• [What is required] Using the entries below, copy exactly each line from the line with "This acrylic plaque" up to and including the line with "Fitted Sheet Twin-XL", with every picture left out.

• [Extracted information]
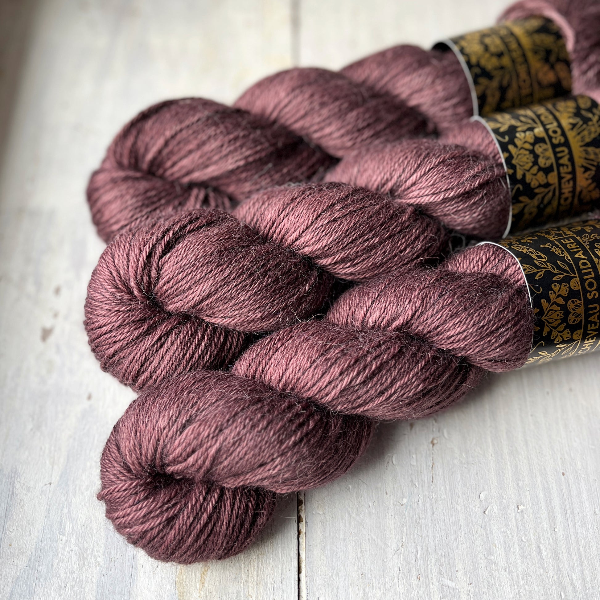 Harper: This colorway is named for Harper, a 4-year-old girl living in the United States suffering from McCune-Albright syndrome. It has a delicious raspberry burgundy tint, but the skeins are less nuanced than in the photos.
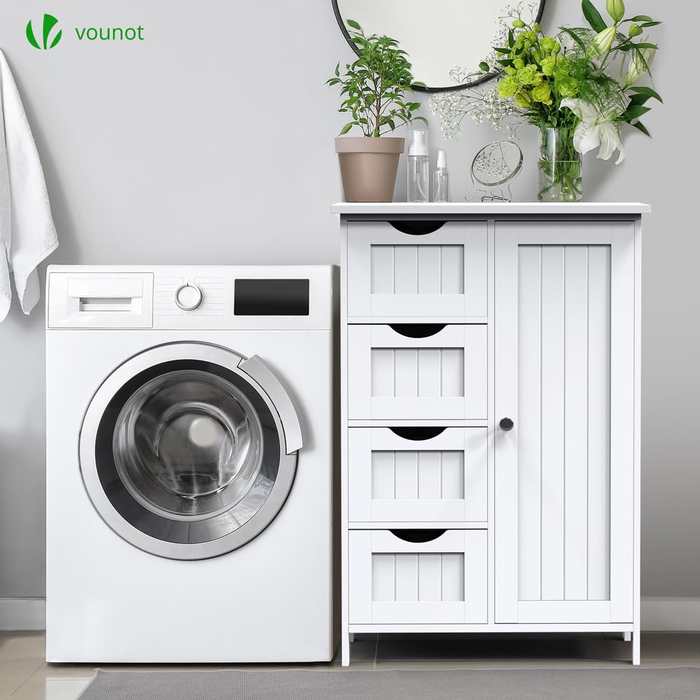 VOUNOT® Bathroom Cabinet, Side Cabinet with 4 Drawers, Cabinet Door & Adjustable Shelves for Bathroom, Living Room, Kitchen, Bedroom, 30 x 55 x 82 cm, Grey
==
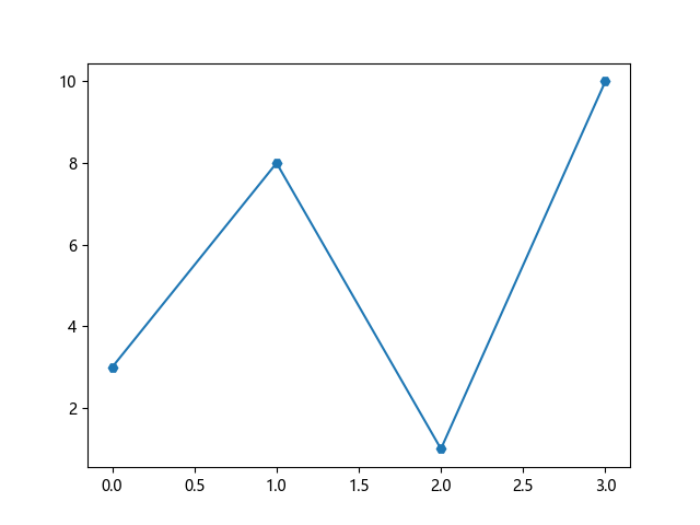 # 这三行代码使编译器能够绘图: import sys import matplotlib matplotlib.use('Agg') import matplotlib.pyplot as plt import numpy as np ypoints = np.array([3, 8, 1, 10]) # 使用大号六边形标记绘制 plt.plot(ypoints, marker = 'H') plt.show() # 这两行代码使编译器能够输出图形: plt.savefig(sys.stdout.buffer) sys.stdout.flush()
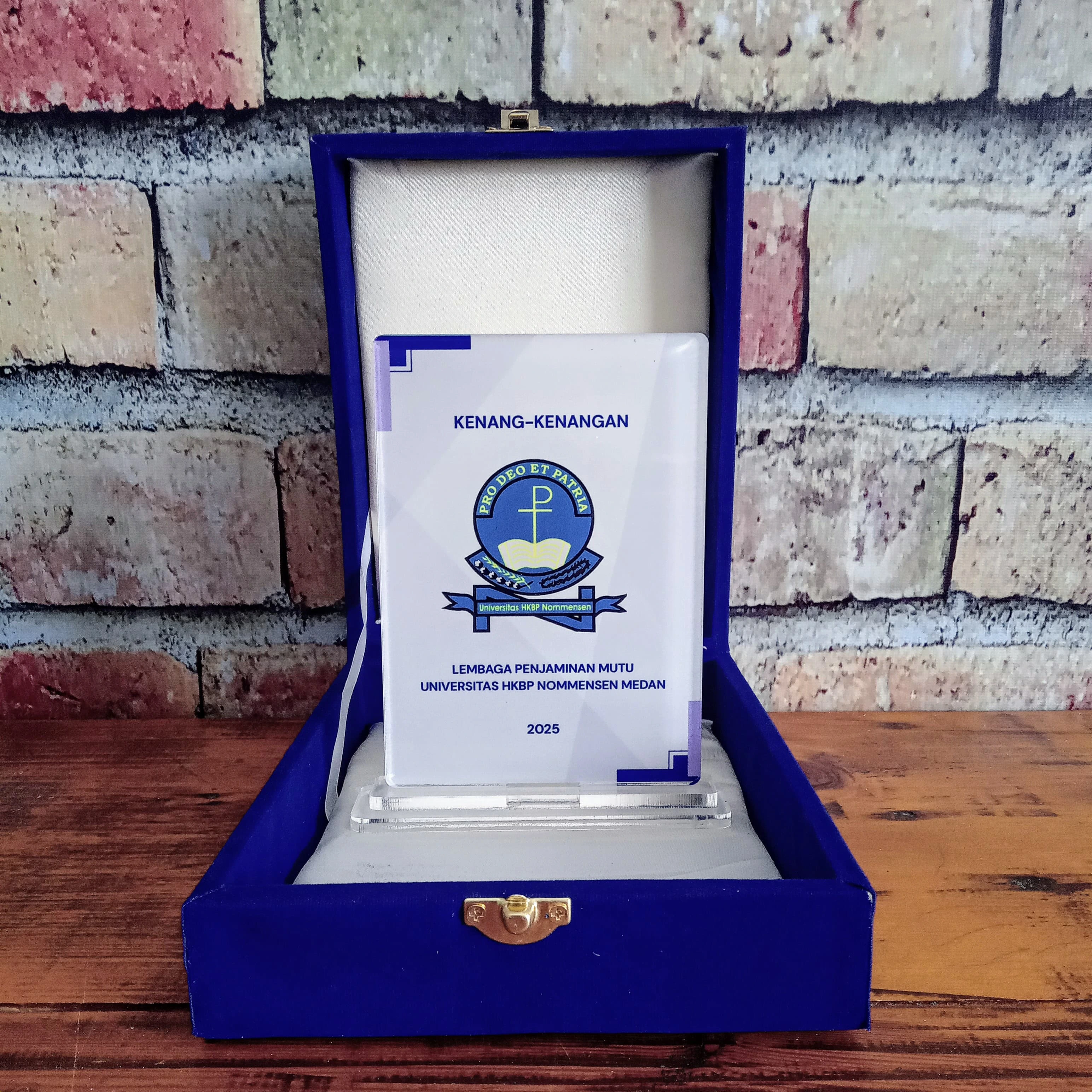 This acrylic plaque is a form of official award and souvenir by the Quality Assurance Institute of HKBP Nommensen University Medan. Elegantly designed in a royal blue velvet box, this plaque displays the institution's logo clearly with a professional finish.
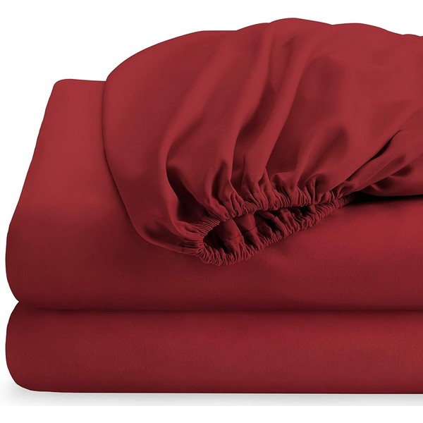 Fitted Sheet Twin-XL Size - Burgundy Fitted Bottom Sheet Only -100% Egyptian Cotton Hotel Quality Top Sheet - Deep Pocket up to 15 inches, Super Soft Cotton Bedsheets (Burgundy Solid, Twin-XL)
---
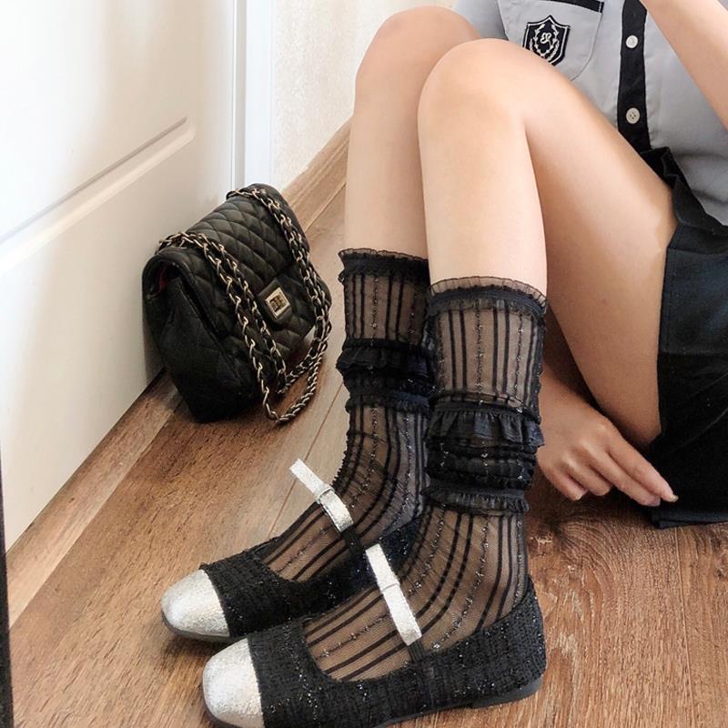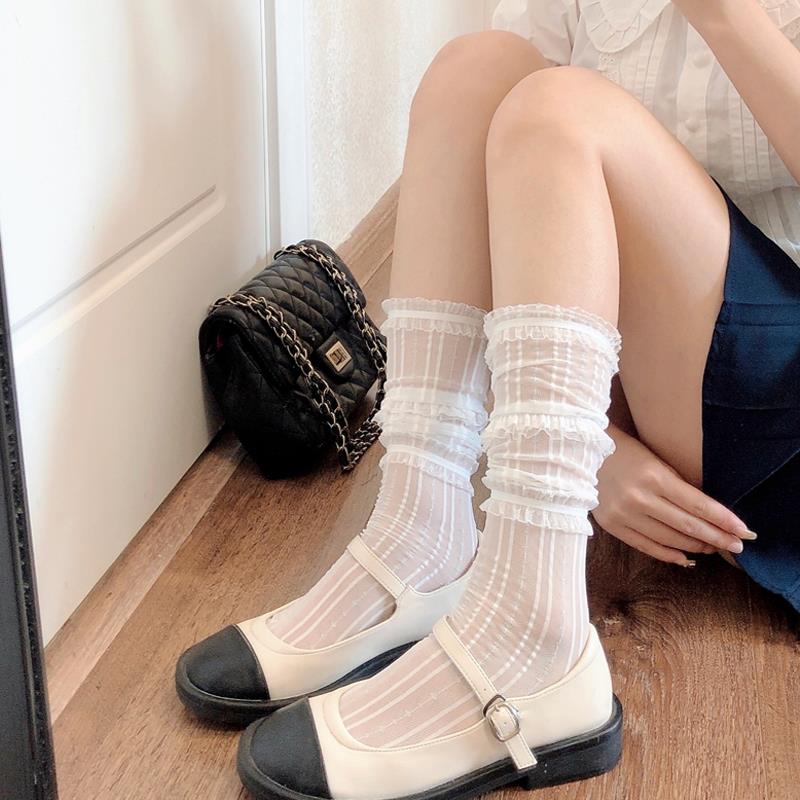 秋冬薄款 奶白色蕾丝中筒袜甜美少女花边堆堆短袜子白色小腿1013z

• [Response for this exercise]
 This acrylic plaque is a form of official award and souvenir by the Quality Assurance Institute of HKBP Nommensen University Medan. Elegantly designed in a royal blue velvet box, this plaque displays the institution's logo clearly with a professional finish.
 Fitted Sheet Twin-XL Size - Burgundy Fitted Bottom Sheet Only -100% Egyptian Cotton Hotel Quality Top Sheet - Deep Pocket up to 15 inches, Super Soft Cotton Bedsheets (Burgundy Solid, Twin-XL)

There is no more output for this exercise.